Roderick Spence: And before we go, can you please tell me and the readers about some of your current and upcoming projects?
Terry: My fourth novel, Hiroshima Bomb Money, is going through the editing process at present. I was greatly encouraged to write about my wife’s great aunt who survived the atom bomb for about three weeks. She spent that time looking for her twin babies. The project was supported by a substantial grant from the Toronto Arts Council.
I was recently commissioned by the Lighthouse Theatre Company in Port Dover, Ontario, to write a play about a favourite son of that town. Kobi Kobayashi was a beloved citizen and gave so much of himself. He reminded me of my father: they were born two years apart; they came to Canada with their father and older brother at a very young age.
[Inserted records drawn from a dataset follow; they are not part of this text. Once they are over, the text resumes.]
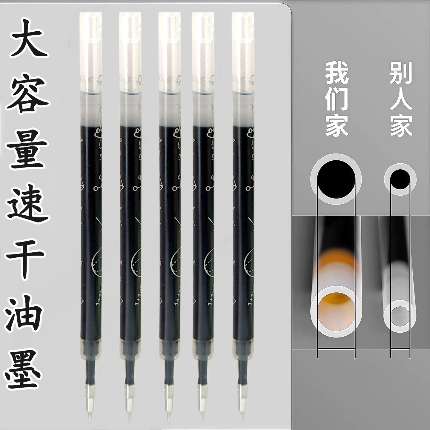 国风桶装刷题笔速干顺滑黑笔高颜值按动中性笔ST0.5黑色笔芯水性圆珠笔小学生专用考试笔非按斤卖碳素签字笔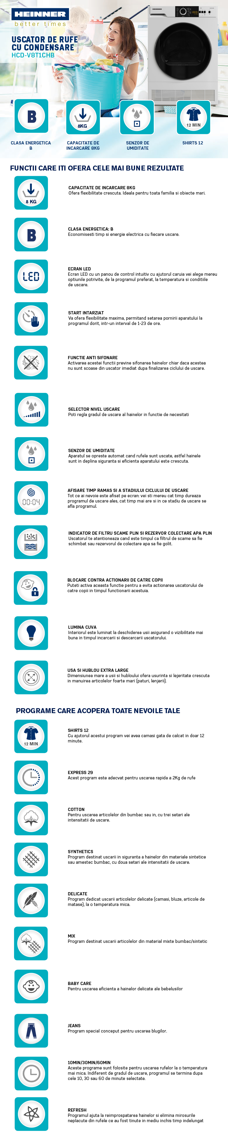 Uscator de rufe cu condensare Heinner HCD-V8T1CHB, Capacitate incarcare 8kg, Clasa energetica B, 15 programe de uscare, Display LED, Program rapid camasi 12 min, Program expres 29 min, Program Baby Care, Functie Start intarziat, Functie anti-sifonare, Lumina cuva, Selector nivel uscare, Indicator curatare filtru scame, Indicator rezervor colectare apa plin, Blocare acces copii, Dimensiuni ( LxAxI): 56.3x59.6x84.5 cm, Culoare: Alb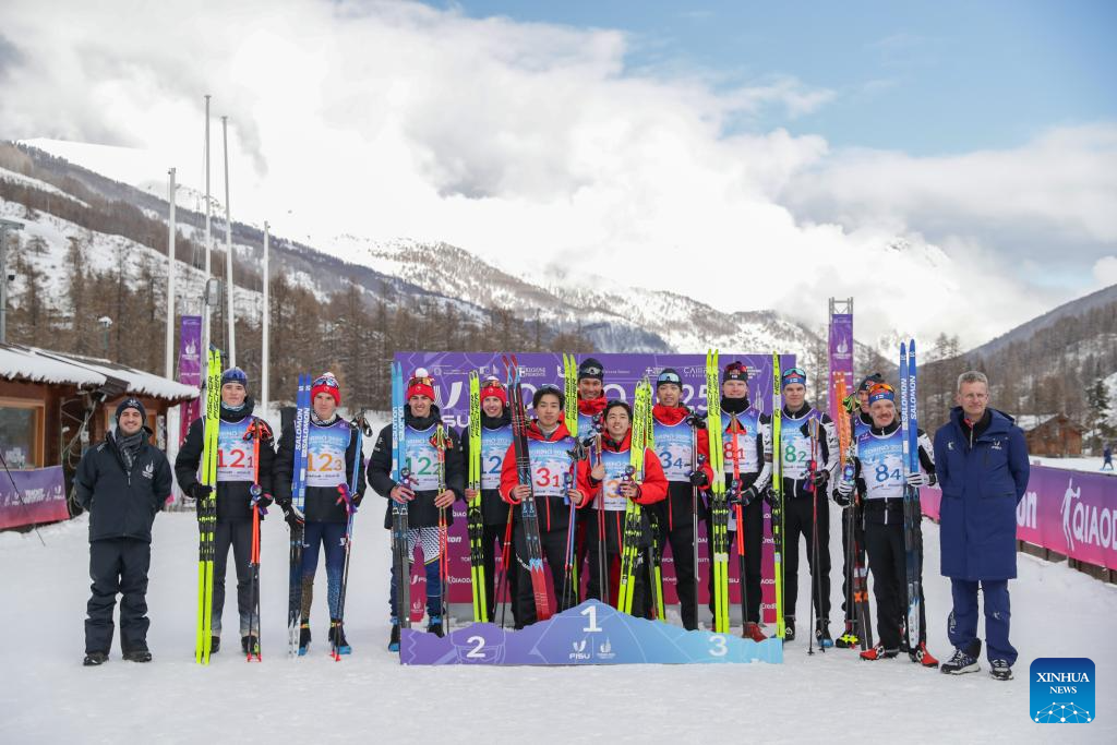 Lyu Wanyu (2nd L) of China competes during the mixed team relay semifinal at the 2025 FISU Winter World University Games in Turin, Italy, Jan. 21, 2025. (Xinhua/Li Jing)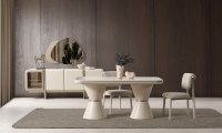 | Yemek Odası | 1 Adet Konsol ve Aynası, 1 Adet Yemek Masası, 6 Adet Sandalye’den oluşmaktadır. TV Ünitesi opsiyonel olarak satışa sunulmuştur. |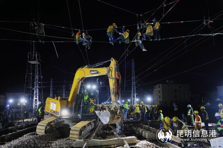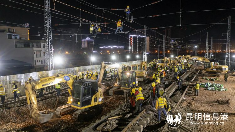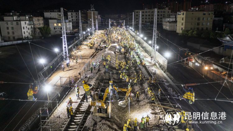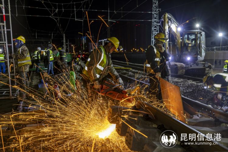12月24日23時(shí)15分,隨著最后一趟動(dòng)車緩緩駛過,調(diào)度命令下達(dá),中鐵二局450名作業(yè)人員、50多臺(tái)機(jī)械設(shè)備有序進(jìn)場(chǎng),按照既定交底的工作任務(wù)展開各項(xiàng)工作;回流線搭設(shè)、鋼軌斷開、軌排橫移、人工扒砟、撥移線路、回填道砟、線路搗固、道床整理、大機(jī)搗固及安設(shè)柵欄等每一道工序有條不紊地進(jìn)行。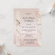 Rehearsal dinner invitation featuring festive rose gold floral swirls on a blush pink and marble background with light sparkles.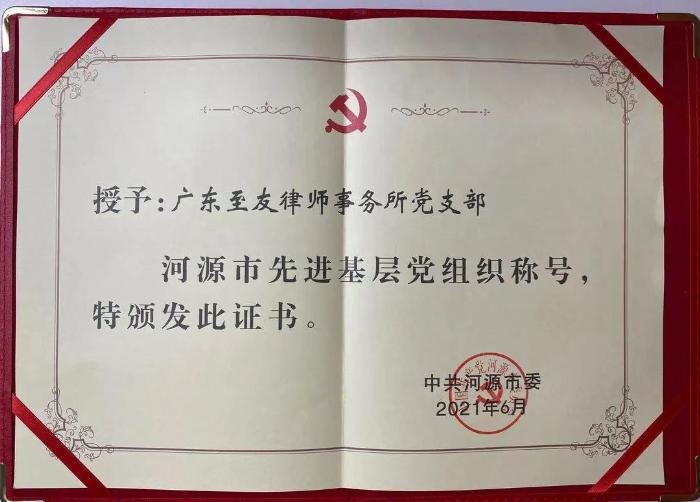 為慶祝中國共產(chǎn)黨成立100周年,激勵全市各級黨組織和廣大黨員不忘初心、牢記使命,真抓實干、改革創(chuàng)新。為全面建設(shè)社會主義現(xiàn)代化強國不懈奮斗。7月1日下午,河源市“兩優(yōu)一先”表彰大會在市會議中心隆重舉行,廣東至友律師事務(wù)所黨支部榮獲“河源市先進基層黨組織”稱號,在會上受到表彰。

They left him in Canada while they went home. There were many other parallels. Sakura: the Last Cherry Blossom Festival will go through the dramaturge and workshop process sometime in 2022.
I am compiling my sixth poetry collection with Masks as a keystone poem. I hope the manuscript will be ready for submission sometime in 2022.
Terry Watada’s third novel, “Mysterious Dreams of the Dead”, and fifth poetry collection, “The Four Sufferings”, were released simultaneously in December 2020.